RIGHT: Combine CH with a real-time edge weight overlay in Redis (900 MB for 50M segments). Set closed roads to infinity weight. Update speeds every 60 seconds from GPS probes. For permanent changes, re-contract the graph nightly. Trade-off: overlay-adjusted routes may be 1 to 3% suboptimal versus a full re-contraction, but the 60-second freshness is worth it.
Using Raw GPS Speed Without Map Matching
CommonFORMULA
Candidates compute traffic speeds directly from GPS coordinates without first snapping those coordinates to the correct road segment.
Why: GPS seems precise enough: coordinates are accurate to 5 to 15 meters. Candidates do not consider that in dense urban areas, 15m error means a probe on an overpass gets attributed to the surface road below it.
WRONG: Taking raw GPS coordinates with speed readings and directly attributing them to the nearest road segment by Euclidean distance. In dense urban areas with overpasses, tunnels, and parallel roads, this attributes probes to the wrong segment, corrupting traffic estimates for both roads.

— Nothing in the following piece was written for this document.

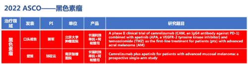 黑色素瘤领域的2篇研究摘要,采用尊龙凯时Ag医药自主研发的PD-1抑制剂卡瑞利珠单抗(艾瑞卡)联合阿帕替尼(艾坦)(“双艾”组合)的免疫联合抗血管(或再联合化疗)的治疗策略。

RIGHT: Use HMM map matching that considers the sequence of GPS points, road geometry, and transition probabilities. The Viterbi algorithm finds the most probable road sequence. Trade-off: adds 2 to 5ms per probe, but this is negligible compared to the cost of corrupted traffic data affecting millions of routing queries.
No Confidence Weighting on Sparse Probes
CommonFORMULA
Candidates take the average speed from GPS probes at face value without considering that segments with very few probes produce unreliable estimates.
Why: Averaging speeds seems straightforward. Candidates do not consider that a segment with 1 probe from a stopped delivery truck shows 0 mph, while the road is actually flowing at 45 mph.
WRONG: Computing traffic speed as the simple average of all GPS probe speeds on a segment. A rural road with 1 probe from a stopped vehicle shows 0 mph and gets marked as congested. Routes are diverted away from a perfectly clear road based on a single misleading data point.
RIGHT: Use confidence-weighted aggregation: segments with fewer than 3 probes in the 60-second window get a blend of probe data and historical speed averages, weighted by probe count. Segments with zero probes use pure historical data. Trade-off: historical fallback may miss sudden events on low-traffic roads, but it prevents single-probe noise from corrupting routing.